2.2 Chromothripsis in patients with pNENs

Chromothripsis has been reported to potentially lead to the rapid malignant progression of some tumors. In our study, we analyzed the occurrence of chromothripsis in pNENs. In total, 14 out of 55 patients had chromothripsis involving different chromosomes. We detected chromothripsis on chromosome 9 in eight cases, chromosome 8 in seven cases, chromosome 1 in six cases, chromosome 4/5/19 in five cases, chromosome 2/6/11 in four cases, chromosome 7/10 in three cases, chromosome 3/13/18/20/21 in two cases, and chromosome 12/14/15/16/17 in one case (Figure 1B). Chromothripsis-positive patients presented a higher TP53 alteration (p < 0.001) and most of them (10 out of 14) were in the pNECs group (p = 0.001). However, there was no significant difference in DDR alteration (p = 0.702) and liver metastasis (ENETS Stage IV) at pathological diagnosis (p = 0.098) (Table 2).

TABLE 2. Comparison of patients with/without chromothripsis.
Chromothripsis positive Chromothripsis negative
(N = 14) (N = 41)
Total No. (%) No. (%) p Value
Any DDR alterations 0.702
Yes 29 8 (28%) 21 (72%)
No 26 6 (23%) 20 (77%)
TP53 alteration <0.001
Yes 11 9 (82%) 2 (18%)
No 44 5 (11%) 39 (89%)
Diagnosis category 0.001
pNETs 38 3 (8%) 35 (92%)
pNECs 13 10 (77%) 3 (23%)
Ambiguous cases 4 1 (25%) 3 (75%)
ENETS stage 0.098
I/II/III 38 7 (18%) 31 (82%)
IV 17 7 (41%) 10 (59%)
  • a It was evaluated on the day of pathological diagnosis.
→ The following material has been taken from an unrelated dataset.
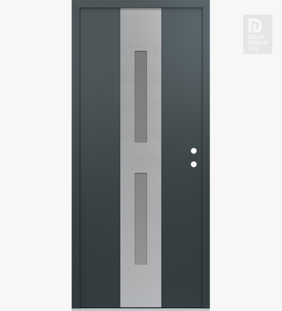 Modern Steel Front Door DIAMOND A6 36" X 80" ANTHRACITE/ANTHRACITE FROSTED GLASS PANEL STAINLESS STEEL RHI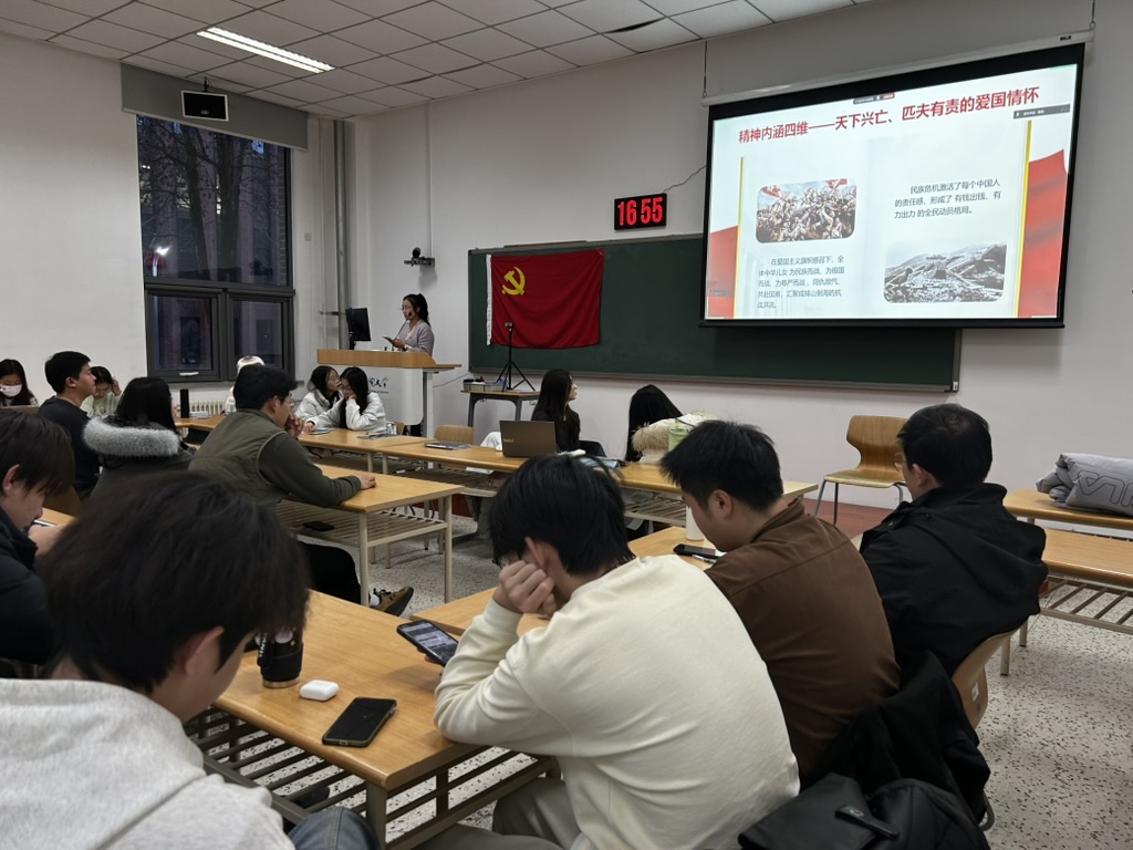 2025年12月26日,化工学院20252102党支部在教二楼121教室开展“支部书记讲党课”活动。本次党课以“弘扬伟大抗战精神,勇担时代青年使命”为核心主题,带领全体党员深悟伟大抗战精神内涵,凝聚奋进新征程的青春力量。

2.3 Chromothripsis defined a group of patients with poor overall survival

By June 2020, 33 patients had survived, 20 had died, and two had lost follow-up. In the entire cohort, patients with chromothripsis had a significantly shorter overall survival (OS) of 658 days (95% CI, 389−927) compared with 2056 days (95% CI, 1809−2303) for those without chromothripsis (log-rank p < 0.001). In the high-grade (G3) pNENs group, patients with chromothripsis also had a shorter OS of 567 days (95% CI, 340−794) compared with 1534 days (95% CI, 1089−1979) for those without chromothripsis (log-rank p = 0.001). The association between different classifications and OS is shown in Figure 2A,B.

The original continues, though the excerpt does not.